Visual Rhetoric
For the purposes of this assignment, "visual rhetoric" means the integration of verbal and visual aspects of the document. Thus instead of words working by themselves (traditional rhetoric), or visual design by itself, words and graphics work together for communicative effect.
The more these aspects work together in an integrated and unified way, the more effective their "rhetoric" will be.
Some examples of text and visual elements used together:
- Linear text, with graphic support (graphics used symbolically) Cartoons of the 80's
Minimal use of text; graphic elements carry "weight of communication" Why U2 is the Greatest Band in the WorldNote: In these examples, graphics become progressively more important. But it doesn't matter whether there's "more" graphics than text, or vice versa, or even that all the visual elements are graphic or pictorial. What matters is that verbal text and visual aspects work together.
Some principles of visual and verbal elements working together:
Balance and proportion in individual screens/pages
Consistency throughout the document (These can aid consistency--Design template; Slide Master; "insert duplicate slide")
Navigation merges with the design
Hypermedia
This is the dimension of multimedia linked together in a digital environment; it involves graphics, possibly sound and video; hypertext is a subcategory under this rubric.
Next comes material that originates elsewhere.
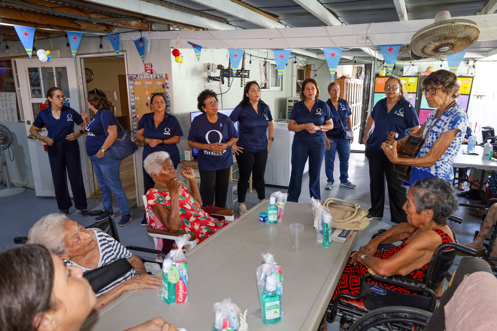 Durante e bishita, Quota Club of Aruba a entrega varios articulonan esencial pa contribui na bienestar di e residentenan. Entre e donacionnan tabata tin laken, serbete, tayo, bekers, productonan di higiena personal, weganan, kleurboek di mandala, regalonan pa Pasco Grandi, y aparatonan practico manera toaster y sandwich makers pa uzo diario.

So with hypermedia, text, sound, graphics, even movies can be linked together.
The degree of strength in this area again depends on appropriateness and integration. Any hypertext, graphics, sounds, video that are used should work toward helping the reader/viewer make sense of the message or include information or experiences that can't be obtained in other ways. Pictures and sounds for their own sake don't necessarily do this; the main idea or ideas have to come first and tie hypermedia together. Clipart is usually so generalized and abstract that is is not very useful in contributing to particular meaning.